------ Listed entries ------

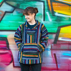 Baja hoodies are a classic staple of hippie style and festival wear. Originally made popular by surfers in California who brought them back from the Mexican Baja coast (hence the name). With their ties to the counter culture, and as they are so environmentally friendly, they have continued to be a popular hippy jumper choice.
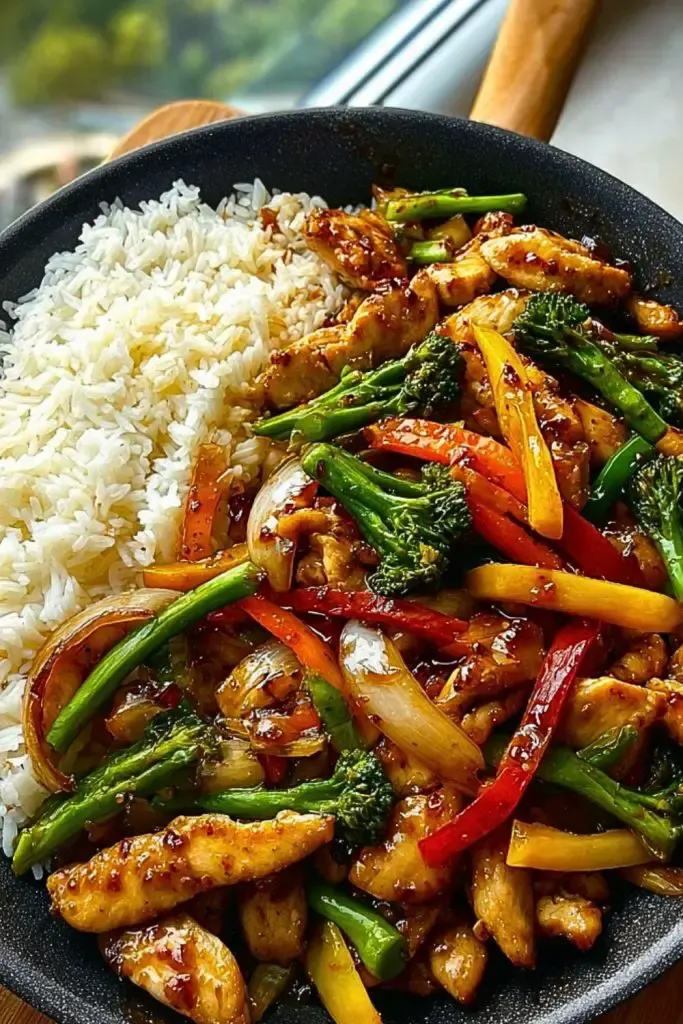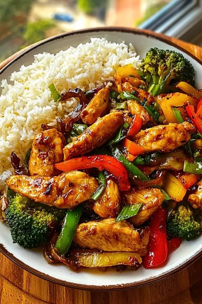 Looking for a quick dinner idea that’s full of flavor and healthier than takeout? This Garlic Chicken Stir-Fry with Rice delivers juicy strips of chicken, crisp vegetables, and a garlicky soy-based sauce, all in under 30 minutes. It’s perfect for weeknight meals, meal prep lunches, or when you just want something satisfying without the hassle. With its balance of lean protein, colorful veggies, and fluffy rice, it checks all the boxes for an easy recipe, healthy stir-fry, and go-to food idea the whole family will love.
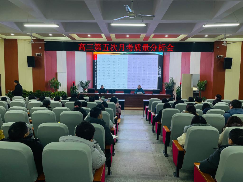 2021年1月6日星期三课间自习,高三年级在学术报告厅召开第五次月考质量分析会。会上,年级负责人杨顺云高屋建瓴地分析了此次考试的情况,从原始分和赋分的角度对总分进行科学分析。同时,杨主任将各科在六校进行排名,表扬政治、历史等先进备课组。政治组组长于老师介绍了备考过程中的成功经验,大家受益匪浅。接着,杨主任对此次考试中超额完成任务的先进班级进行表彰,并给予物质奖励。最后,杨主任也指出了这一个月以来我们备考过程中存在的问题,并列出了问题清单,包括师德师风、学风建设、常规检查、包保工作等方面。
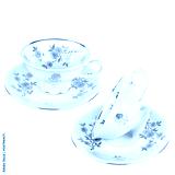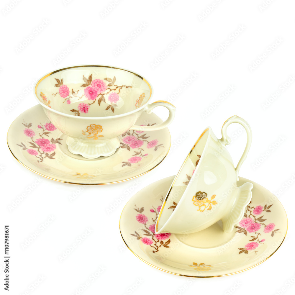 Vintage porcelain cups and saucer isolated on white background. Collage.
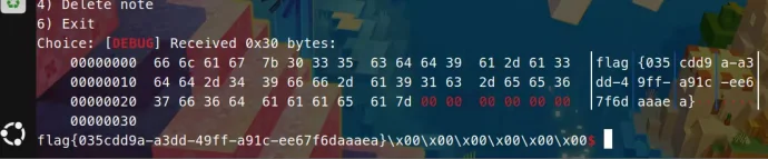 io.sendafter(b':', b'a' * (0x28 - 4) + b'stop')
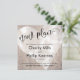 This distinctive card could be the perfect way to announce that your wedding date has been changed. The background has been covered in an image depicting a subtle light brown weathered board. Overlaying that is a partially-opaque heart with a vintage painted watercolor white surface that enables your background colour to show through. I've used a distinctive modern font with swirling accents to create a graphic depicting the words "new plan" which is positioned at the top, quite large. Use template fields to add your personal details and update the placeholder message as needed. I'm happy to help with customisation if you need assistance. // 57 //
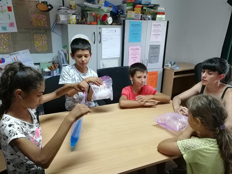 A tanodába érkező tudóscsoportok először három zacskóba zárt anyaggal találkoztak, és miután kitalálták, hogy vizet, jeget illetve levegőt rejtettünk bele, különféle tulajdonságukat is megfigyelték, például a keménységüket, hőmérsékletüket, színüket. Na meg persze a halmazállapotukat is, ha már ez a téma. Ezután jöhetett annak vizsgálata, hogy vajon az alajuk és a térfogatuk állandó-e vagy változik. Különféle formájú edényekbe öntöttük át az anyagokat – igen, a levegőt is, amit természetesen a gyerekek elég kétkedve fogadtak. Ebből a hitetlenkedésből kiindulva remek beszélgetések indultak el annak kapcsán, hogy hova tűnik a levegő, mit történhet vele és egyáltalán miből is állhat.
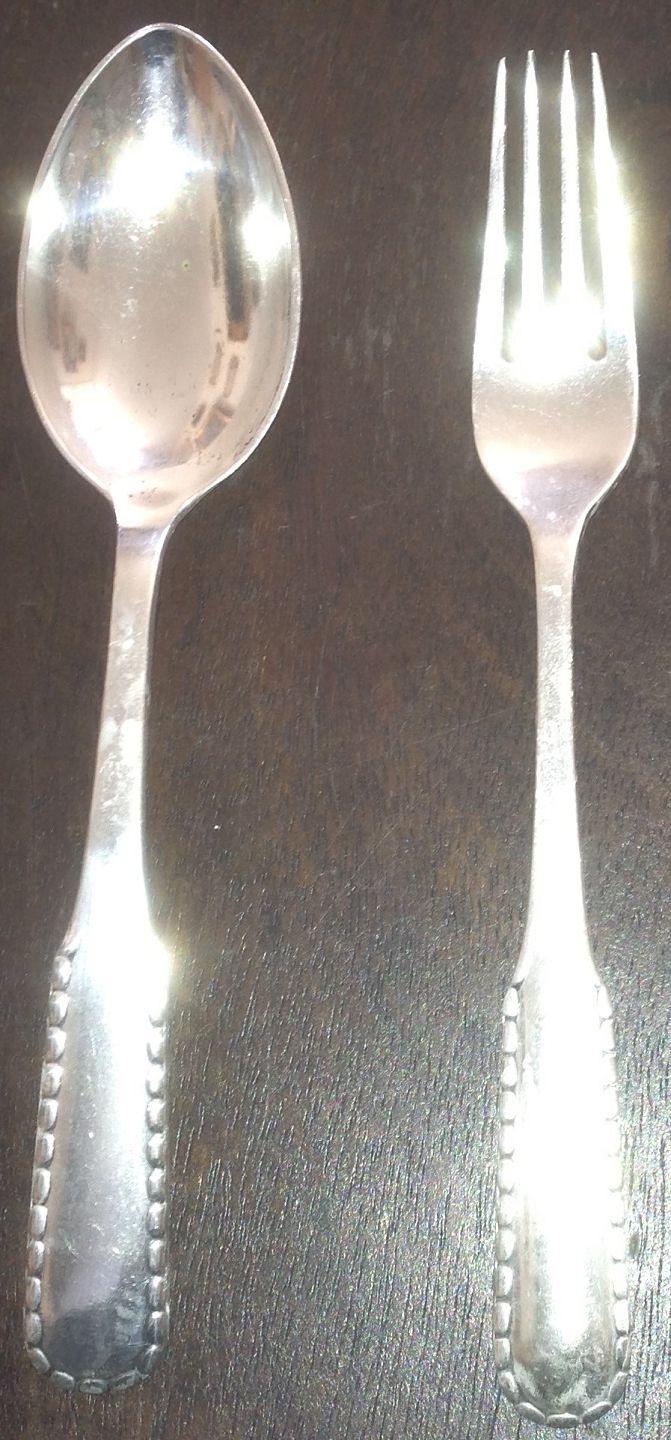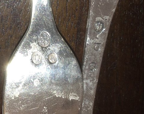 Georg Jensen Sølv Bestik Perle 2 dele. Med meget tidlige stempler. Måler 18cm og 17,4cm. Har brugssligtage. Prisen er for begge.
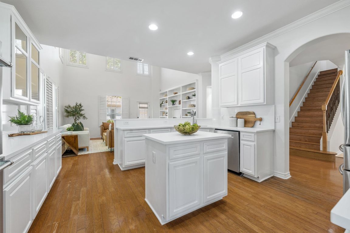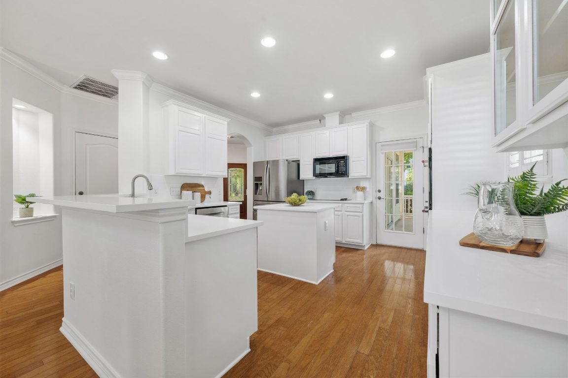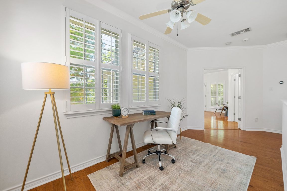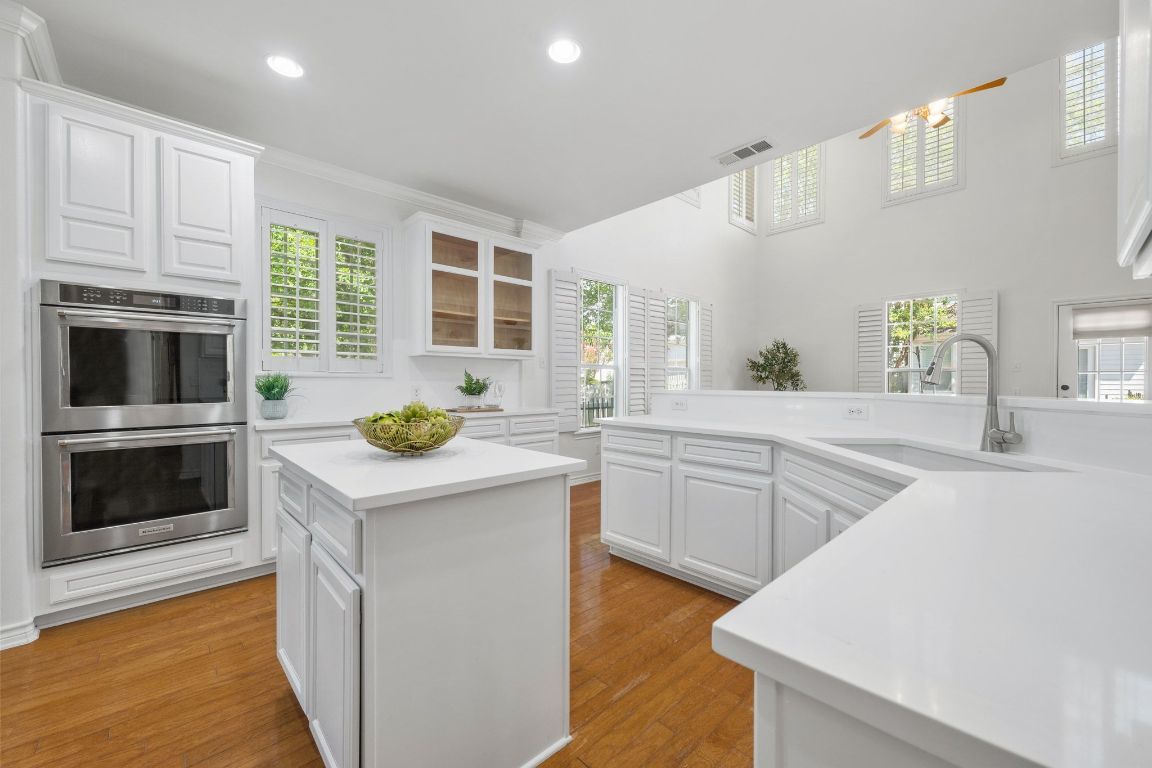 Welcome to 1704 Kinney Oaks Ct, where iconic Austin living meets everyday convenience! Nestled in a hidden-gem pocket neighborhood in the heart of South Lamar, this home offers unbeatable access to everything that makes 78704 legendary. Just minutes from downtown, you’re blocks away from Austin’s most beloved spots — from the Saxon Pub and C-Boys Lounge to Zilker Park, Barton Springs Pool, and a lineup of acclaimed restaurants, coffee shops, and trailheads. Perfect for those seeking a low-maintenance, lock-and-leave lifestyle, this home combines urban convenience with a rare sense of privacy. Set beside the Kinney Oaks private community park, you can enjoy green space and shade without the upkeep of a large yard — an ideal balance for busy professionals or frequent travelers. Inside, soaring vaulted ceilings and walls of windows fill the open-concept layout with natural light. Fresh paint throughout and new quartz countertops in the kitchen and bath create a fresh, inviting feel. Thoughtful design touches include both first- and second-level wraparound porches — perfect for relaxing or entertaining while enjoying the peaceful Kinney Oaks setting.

------

# What you are asked to do
Beginning at the first line of the listing, print each line exactly until and including the one that has "Looking for a"; skip pictures.

# Worked solution
 Baja hoodies are a classic staple of hippie style and festival wear. Originally made popular by surfers in California who brought them back from the Mexican Baja coast (hence the name). With their ties to the counter culture, and as they are so environmentally friendly, they have continued to be a popular hippy jumper choice.
 Looking for a quick dinner idea that’s full of flavor and healthier than takeout? This Garlic Chicken Stir-Fry with Rice delivers juicy strips of chicken, crisp vegetables, and a garlicky soy-based sauce, all in under 30 minutes. It’s perfect for weeknight meals, meal prep lunches, or when you just want something satisfying without the hassle. With its balance of lean protein, colorful veggies, and fluffy rice, it checks all the boxes for an easy recipe, healthy stir-fry, and go-to food idea the whole family will love.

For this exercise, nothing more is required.